• [THE RECORDS]:

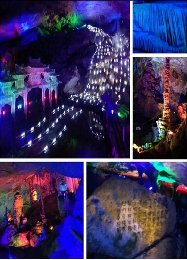 瑶琳洞内各种造型奇特的钟乳石、石柱、石笋不计其数,奇诡无比的洞天世界加上人类的丰富想象,再配上如梦如幻的彩色灯光,将这亿万年前大自然的杰作变得更具有画面感和故事性,置身洞中,如误闯仙境,我们不得不为大自然的鬼斧神工所折服,让人乐而忘返,不能不使人发出“凡人思此不思归”的感叹!
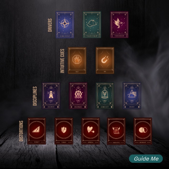These are reflexive protective patterns that mimic intuition when pressure rises. They compress awareness and redirect attention, producing urgency, defensiveness, overreach, rigid interpretation, or approval-seeking that feels justified. Their presence signals that perception has shifted and a corrective practice is required.
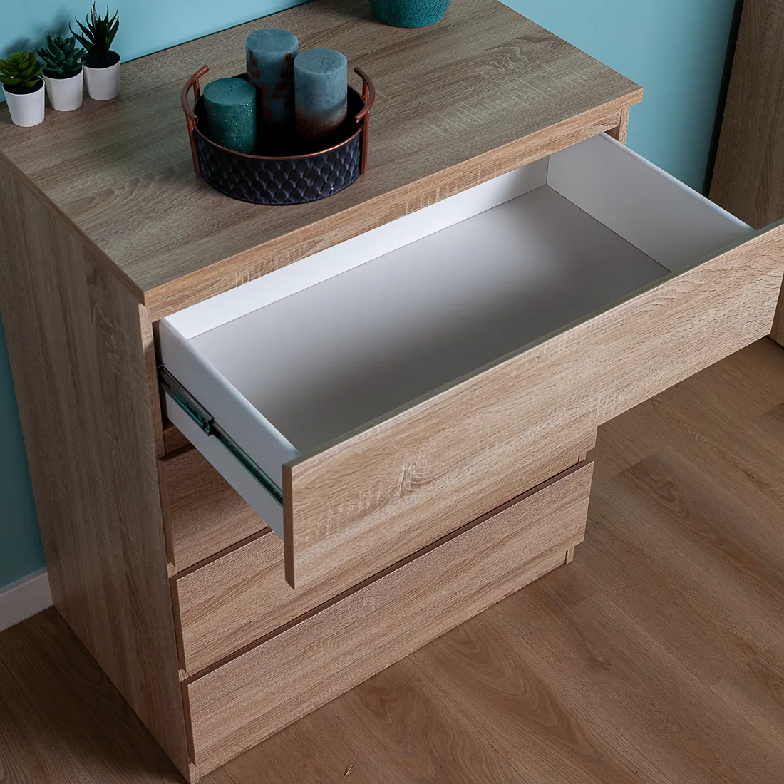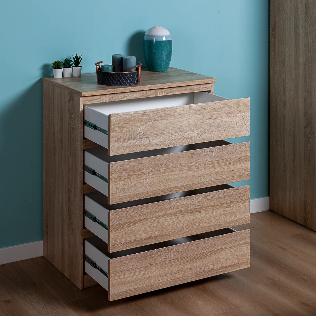 Комод МАЛЬТА с четырьмя выдвижными ящиками, 803х480х988, цвет Дуб Сонома. Крепится к стене. Гарантийный срок для жилых помещений 24 месяца, для общественных помещений - 18 месяцев.
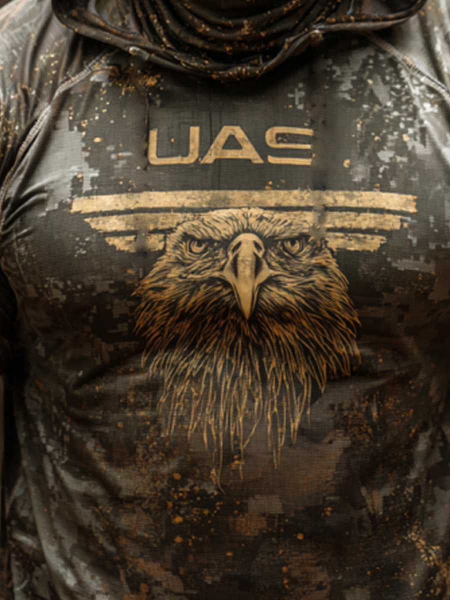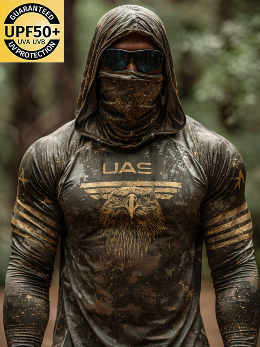 Men'S Raglan Sleeve Finger Gloves Face Mask Forest Camouflage Eagle Print Sun Protection Hoodie
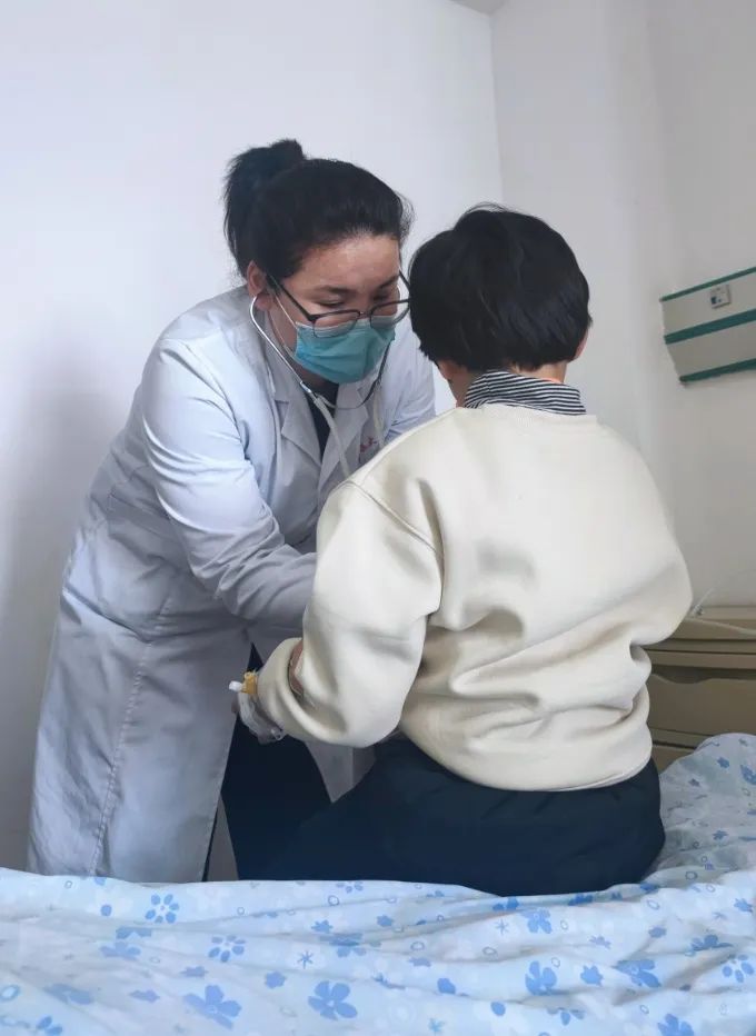 2月10日,在新疆医科大学第五附属医院儿科病房,医生江丽汗·阿黑哈提正在为刚入院患儿做听诊检查。
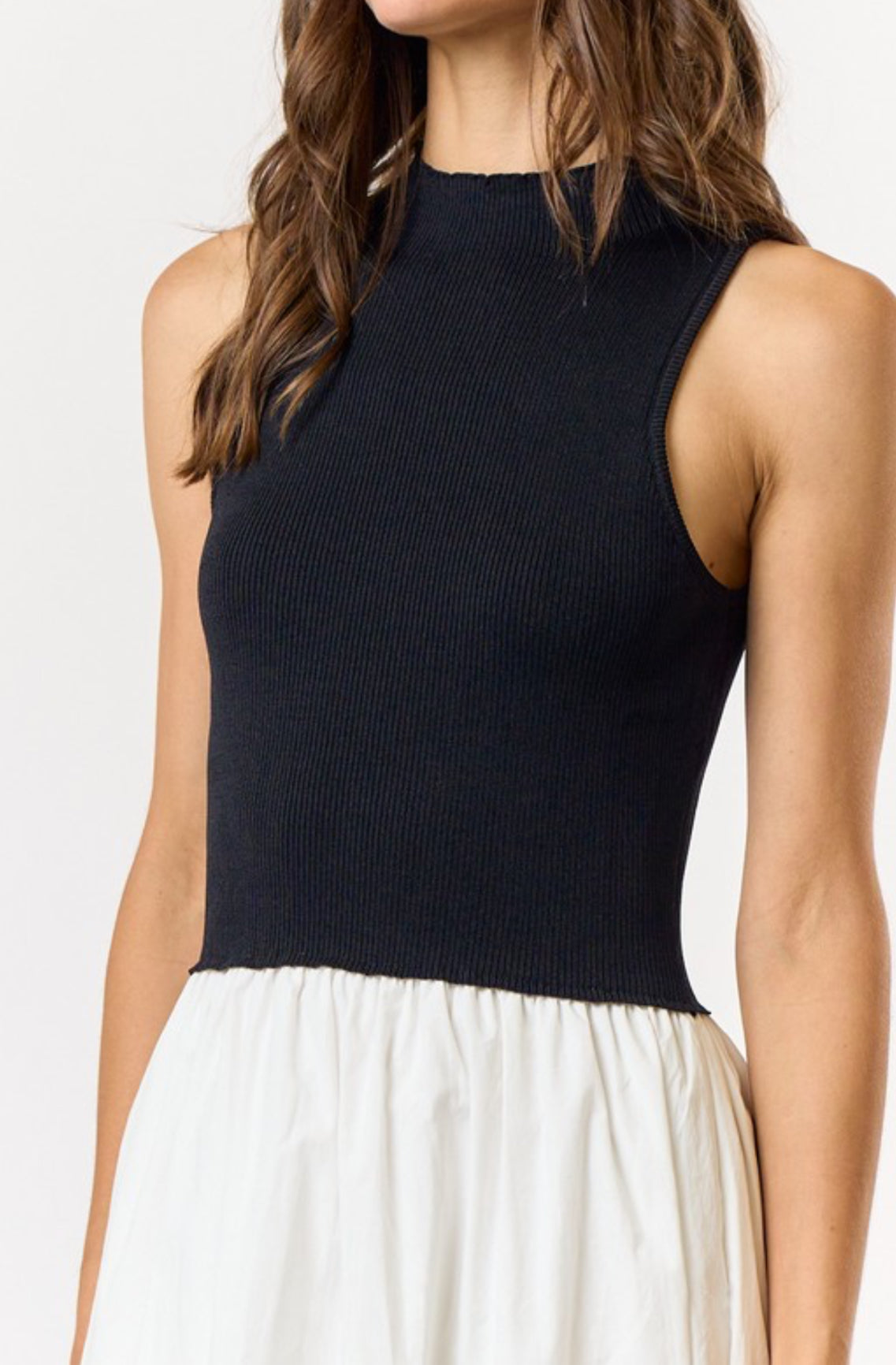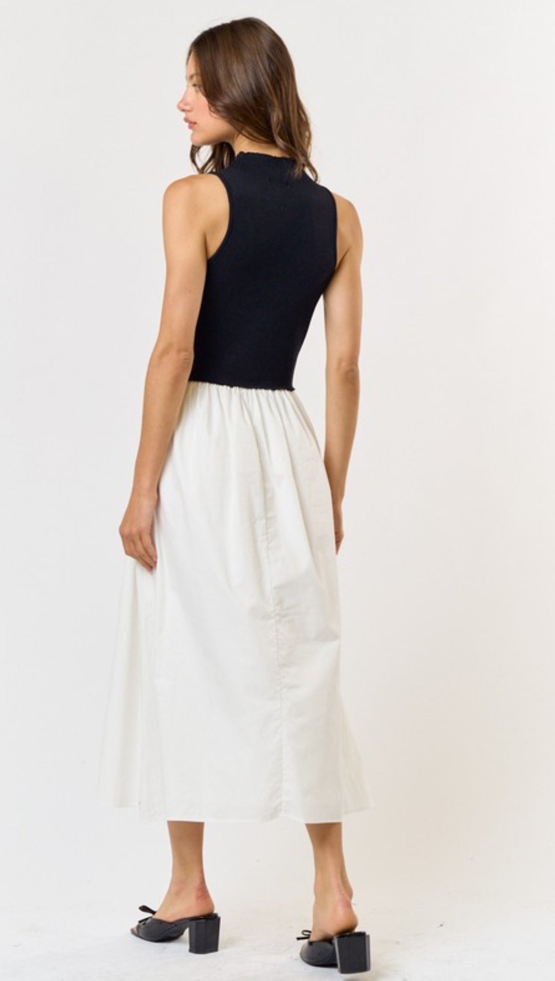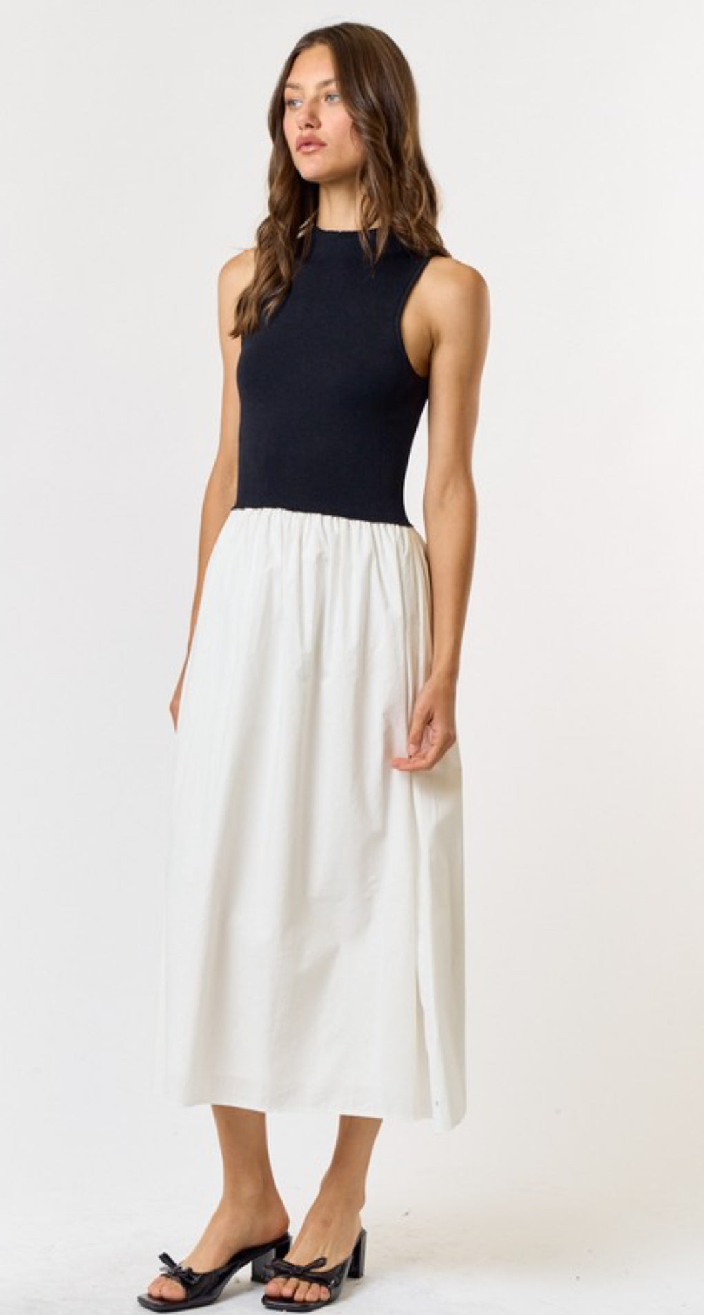 This gorgeous contrast midi dress features a soft stretch knit sleeveless top, with a line cotton poplin skirt,
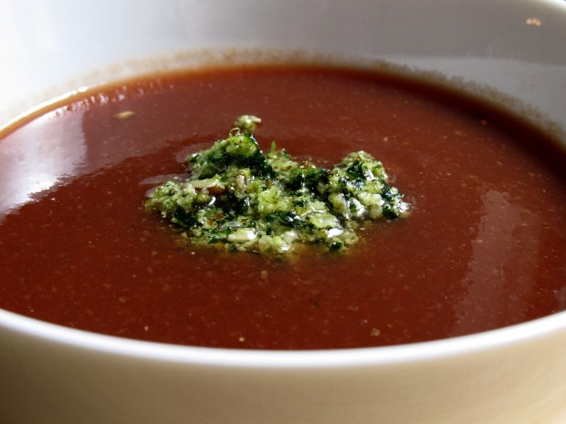 This dish is definitely an “add what you think is an appropriate amount” type of recipe. I’m looking at the recipe sheet from the class and there aren’t any amounts for the parsley or balsamic. Add what you’re comfortable with. With the parsley, I add enough so it’s about equal to or maybe a little less than the nuts, about 4 sprigs/shoots, enough so when you hold them in your hand all bunched together the bunch of leaves cover your fist. When mixing in the balsamic vinegar you have to keep adding and tasting until you hit the right balance where you pick up the sweetness of the vinegar but not too much to overpower the tomatoes. Just add some, taste, add some more, taste. I apologize for this but the best way to describe it is the soup needs to have that “tang” to it. It’s going to have a deep red color when it reaches this point. Because it’s an add to taste recipe you can make large or small quantities pretty easily. Top it with the “pesto” and some cheese. The class recipe calls for some allioli (aioli) but I can never seem to find any here. If you can find some use it! I remember it being great with this soup.
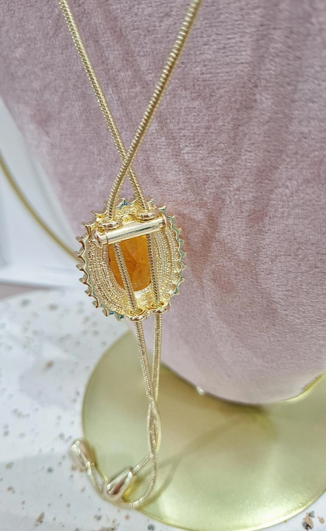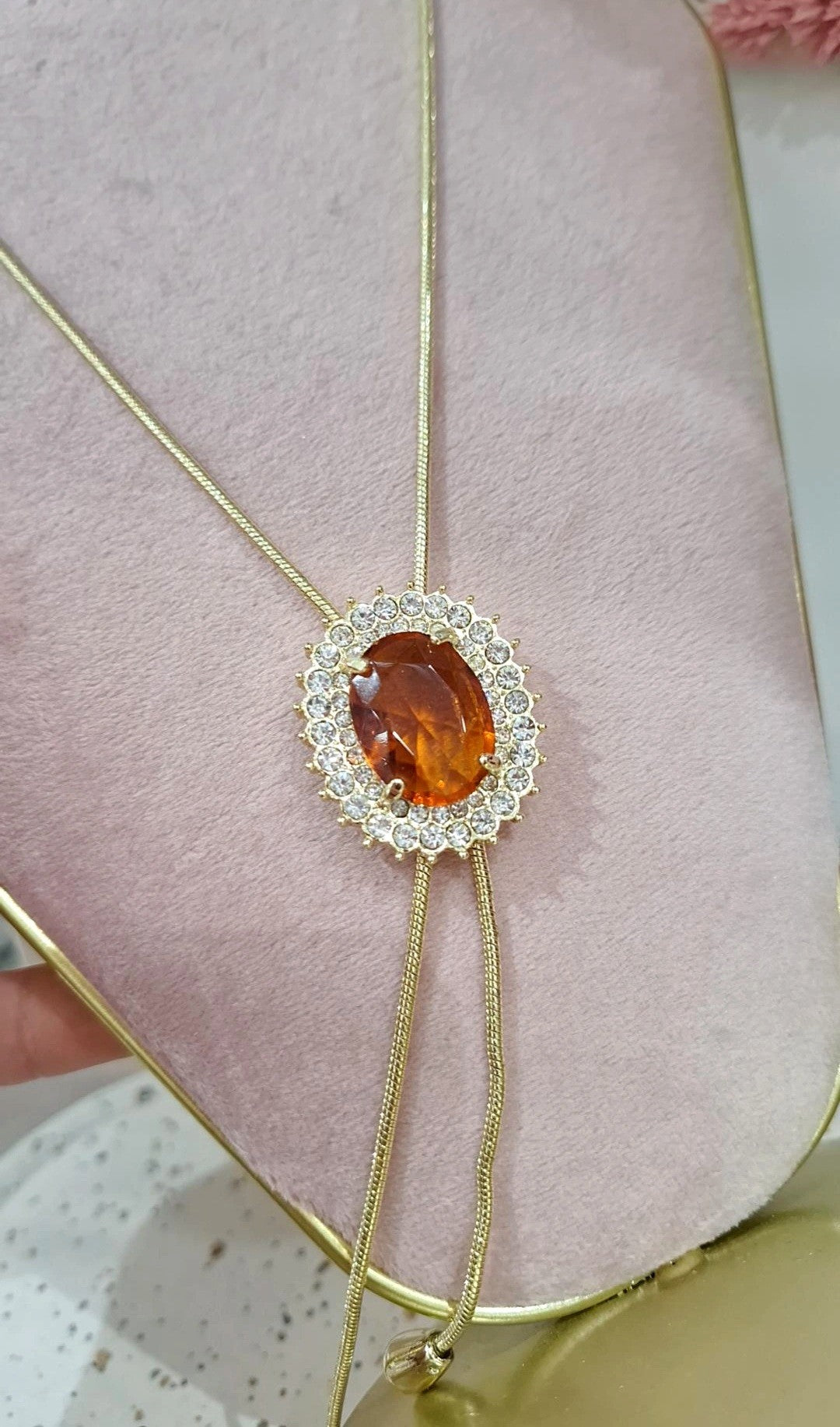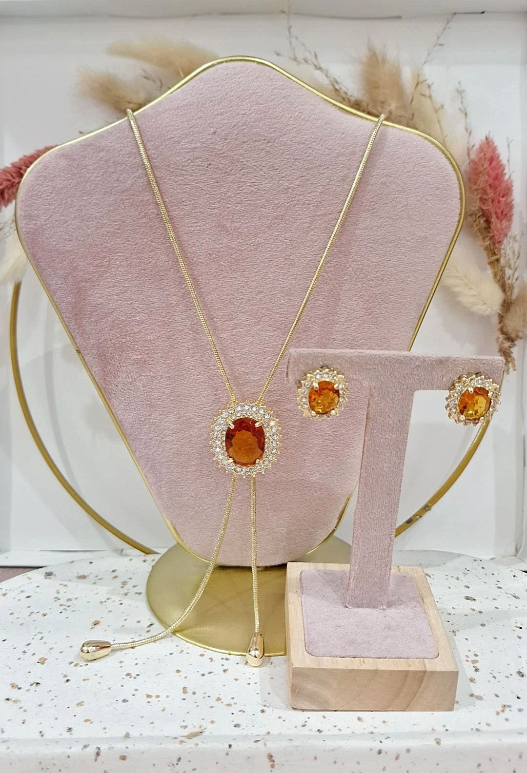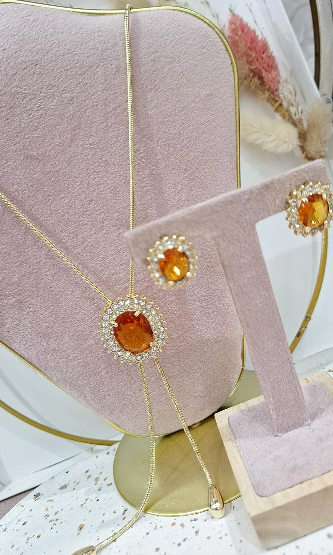 Set Gioiello Tessy- Set gioiello composto da collana e orecchini con grande perla arancio circondata da strass

• [REQUIRED ACTION]:
Print exactly the line containing "Men'S Raglan Sleeve" and every line after it through the final line above, and leave all pictures out.

• [REPLY TO THE EXERCISE]:
 Men'S Raglan Sleeve Finger Gloves Face Mask Forest Camouflage Eagle Print Sun Protection Hoodie
 2月10日,在新疆医科大学第五附属医院儿科病房,医生江丽汗·阿黑哈提正在为刚入院患儿做听诊检查。
 This gorgeous contrast midi dress features a soft stretch knit sleeveless top, with a line cotton poplin skirt,
 This dish is definitely an “add what you think is an appropriate amount” type of recipe. I’m looking at the recipe sheet from the class and there aren’t any amounts for the parsley or balsamic. Add what you’re comfortable with. With the parsley, I add enough so it’s about equal to or maybe a little less than the nuts, about 4 sprigs/shoots, enough so when you hold them in your hand all bunched together the bunch of leaves cover your fist. When mixing in the balsamic vinegar you have to keep adding and tasting until you hit the right balance where you pick up the sweetness of the vinegar but not too much to overpower the tomatoes. Just add some, taste, add some more, taste. I apologize for this but the best way to describe it is the soup needs to have that “tang” to it. It’s going to have a deep red color when it reaches this point. Because it’s an add to taste recipe you can make large or small quantities pretty easily. Top it with the “pesto” and some cheese. The class recipe calls for some allioli (aioli) but I can never seem to find any here. If you can find some use it! I remember it being great with this soup.
 Set Gioiello Tessy- Set gioiello composto da collana e orecchini con grande perla arancio circondata da strass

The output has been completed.